Cubic polynomial equal to a cube I've been researching cubes and I'm trying to solve this Diophantine equation over the integers.
$$ax^3 + bx^2 + cx + d = y^3$$where a, b, c, d are parameters for a given $n$. For example, for $n = 5$, you have$$5x^3 + 30x^2 + 90x + 100 = y^3$$
Is there any way to solve this Diophantine equation? Or does anyone know any references or links to point me to? (Either for general $a,b,c,d$ or for the specific one above). Thanks!
Also a, b, c, and d are functions of n:
$$a = n$$
$$b = (3/2)n(n-1)$$
$$c = (1/2)n(2n-1)(n-1)$$
$$d = (1/4)n^2(n-1)^2$$
It's theorized that there are no solutions (to this specific one).
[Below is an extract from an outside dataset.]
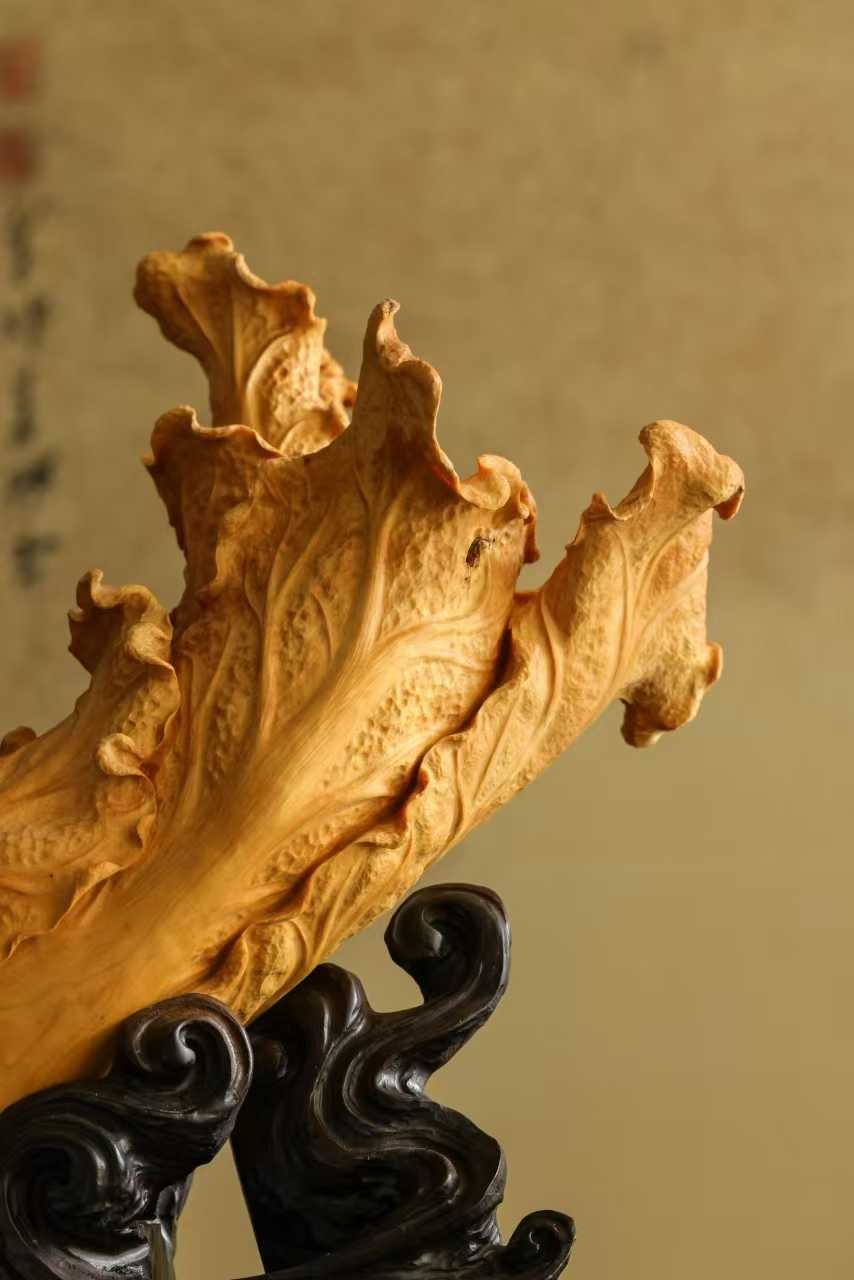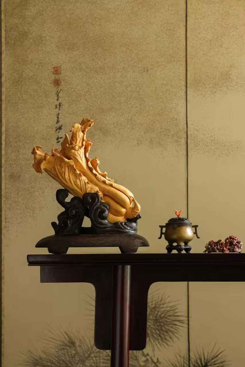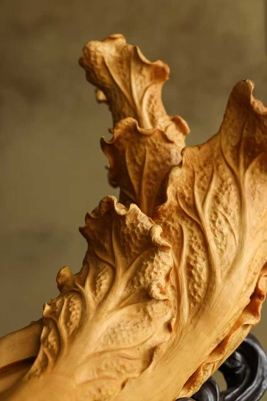 料质干净,色丽如金,琢刻细腻写实,白菜肌理清晰,片片舒卷自然,气状饱满富贵,盎然生机清趣,陈置案头,祝颂百财临门。

But I want to prove it. Surely, I can't check for every single x, I'm mainly looking for a bound on x as a function of n. Essentially, "After some finite x, it will never be a cube" ...
 A: As you pointed out in a comment, you transformed the equation into $y^3=Ax^3+Bx=x(Ax^2+B)$. From that it is easy to show that any prime factor of $Ax^2+B$ which is not a prime factor of $AB$, does not divide $x$, so because of the equation it shows up with multiplicity $3$. The upshot is that you can write $Ax^2+B = Cz^3$, where $C$ is not unique but is constrained to a finite set. Now multiply this equation by $A^3C^2$ and get $V^2 = U^3 + K, V = A^2Cx, U = ACy, K =-BA^3C^2$. This is a Mordell equation and Sage and Magma will solve it, there many papers with explicit bounds, pretty much everything you want to know. 
A: There is a short section about equations like yours in the book History of the Theory of Numbers, Volume II, by Leonard Eugene Dickson (page 566). It deals with rational solutions not integer ones, but it might be helpful/interesting for you if you haven't already seen it.
I think I have found a counterexample to: "It's theorized that there are no solutions (to this specific one)."
I tried the case $n = 8$ on a hunch (since 8 is a cube). This gives $a = 8$, $b = 84$, $c = 420$, $d = 784$, and thus gives rise to the equation
$8x^3 + 84x^2 + 420x + 784 = y^3$
Setting $y = x + 7$ gives the integer solution $x = -3$.